Pseudo-Chrysostom: Or, by the feet of Christ we may understand Christians, especially the Apostles, and other preachers, among whom was John Baptist; and the shoes are the infirmities with which he loads the preachers. These shoes all Christ's preachers wear; and John also wore them; but declares himself unworthy, that he might show the grace of Christ, and be greater than his deserts.

Jerome: In the other Gospels it is, whose shoe latchet I am not worthy to loose. Here his humility, there his ministry is intended; Christ is the Bridegroom, and John is not worthy to loose the Bridegroom's shoe, that his house be not called according to the Law of Moses and the example of Ruth, The house of him that hath his shoe loosed. (Deut. 25:10.)

Jerome: Either the Holy Ghost Himself is a fire, as we learn from the Acts, when there sat as it were fire on the tongues of the believers; and thus the word of the Lord was fulfilled who said, I am come to send fire on the earth, I will that it burn. (Luke 12:49.) Or, we are baptized now with the Spirit, hereafter with fire; as the Apostle speaks, Fire shall try every man's work, of what sort it ise. (1 Cor. 3:13.)
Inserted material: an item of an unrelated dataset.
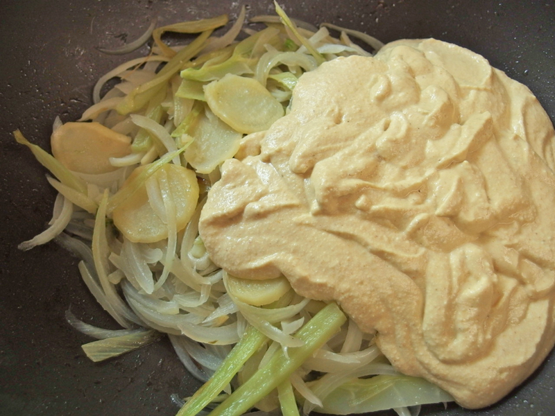 先に作っておいた中身の鍋に、卵代わりのタネを入れます。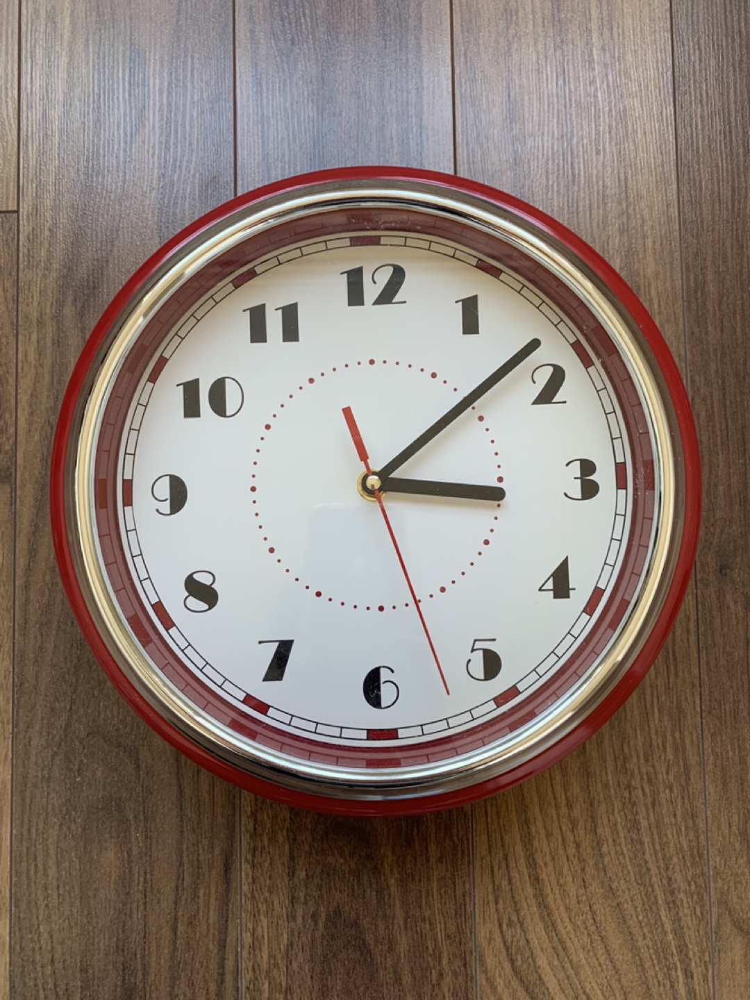 Red and silver wall clock. Quartz, runs on one AA battery.

Chrysostom: He does not say, shall give you the Holy Ghost, but shall baptize you in the Holy Ghost, showing in metaphor the abundance of the grace. fThis further shows, that even under the faith there is need of the will alone for justification, not of labours and toilings; and even as easy a thing as it is to be baptized, even so easy a thing it is to be changed and made better. By fire he signifies the strength of grace which cannot be overcome, and that it may be understood that He makes His own people at once like to the great and old prophets, most of the prophetic visions were by fire.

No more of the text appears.